> **To do**
Using the listing, copy each whole line that features "Figure".
'''
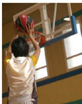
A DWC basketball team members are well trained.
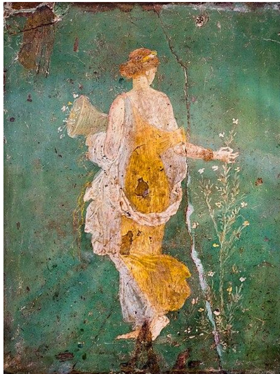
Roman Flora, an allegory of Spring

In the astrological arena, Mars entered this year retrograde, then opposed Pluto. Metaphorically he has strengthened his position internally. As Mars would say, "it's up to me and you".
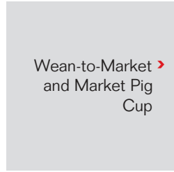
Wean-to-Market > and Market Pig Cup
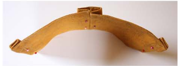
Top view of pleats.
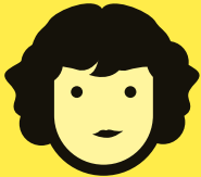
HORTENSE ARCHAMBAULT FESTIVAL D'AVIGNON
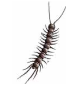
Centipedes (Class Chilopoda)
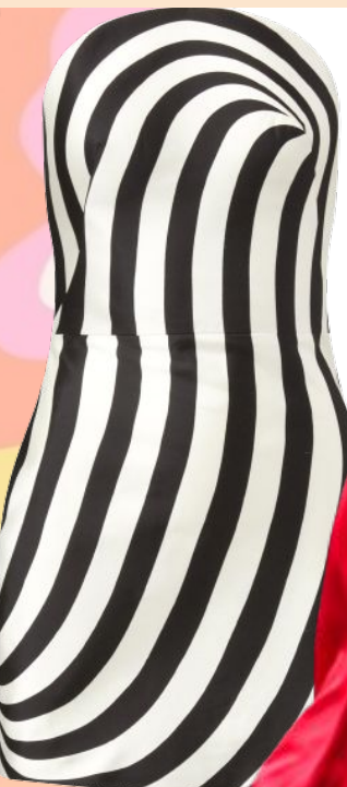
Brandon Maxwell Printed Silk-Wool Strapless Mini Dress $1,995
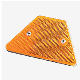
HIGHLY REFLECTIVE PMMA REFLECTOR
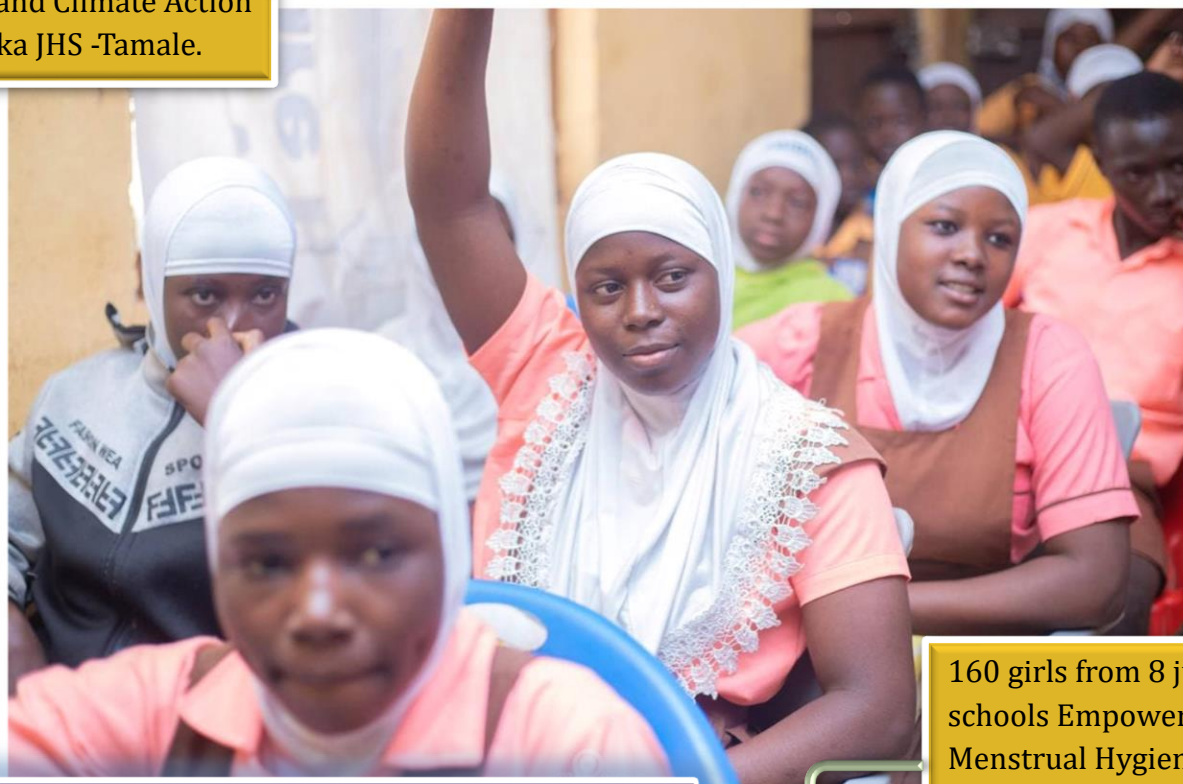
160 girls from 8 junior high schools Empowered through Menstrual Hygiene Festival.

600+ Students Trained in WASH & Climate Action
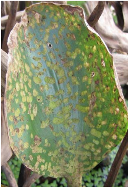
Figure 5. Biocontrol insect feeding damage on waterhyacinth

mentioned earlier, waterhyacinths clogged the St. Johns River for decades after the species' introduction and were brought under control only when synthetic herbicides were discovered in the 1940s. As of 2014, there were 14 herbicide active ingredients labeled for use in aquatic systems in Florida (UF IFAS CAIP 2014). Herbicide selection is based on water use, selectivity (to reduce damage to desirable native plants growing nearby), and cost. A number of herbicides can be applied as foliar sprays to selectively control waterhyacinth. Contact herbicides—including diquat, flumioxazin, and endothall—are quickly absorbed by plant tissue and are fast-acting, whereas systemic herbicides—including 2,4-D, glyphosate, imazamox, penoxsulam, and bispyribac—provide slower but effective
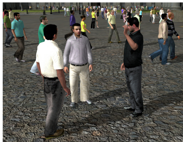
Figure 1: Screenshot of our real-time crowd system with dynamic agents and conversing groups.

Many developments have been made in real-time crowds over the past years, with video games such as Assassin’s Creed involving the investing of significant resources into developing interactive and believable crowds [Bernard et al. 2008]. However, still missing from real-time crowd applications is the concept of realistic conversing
'''
> **Answer area**
Figure 5. Biocontrol insect feeding damage on waterhyacinth
Figure 1: Screenshot of our real-time crowd system with dynamic agents and conversing groups.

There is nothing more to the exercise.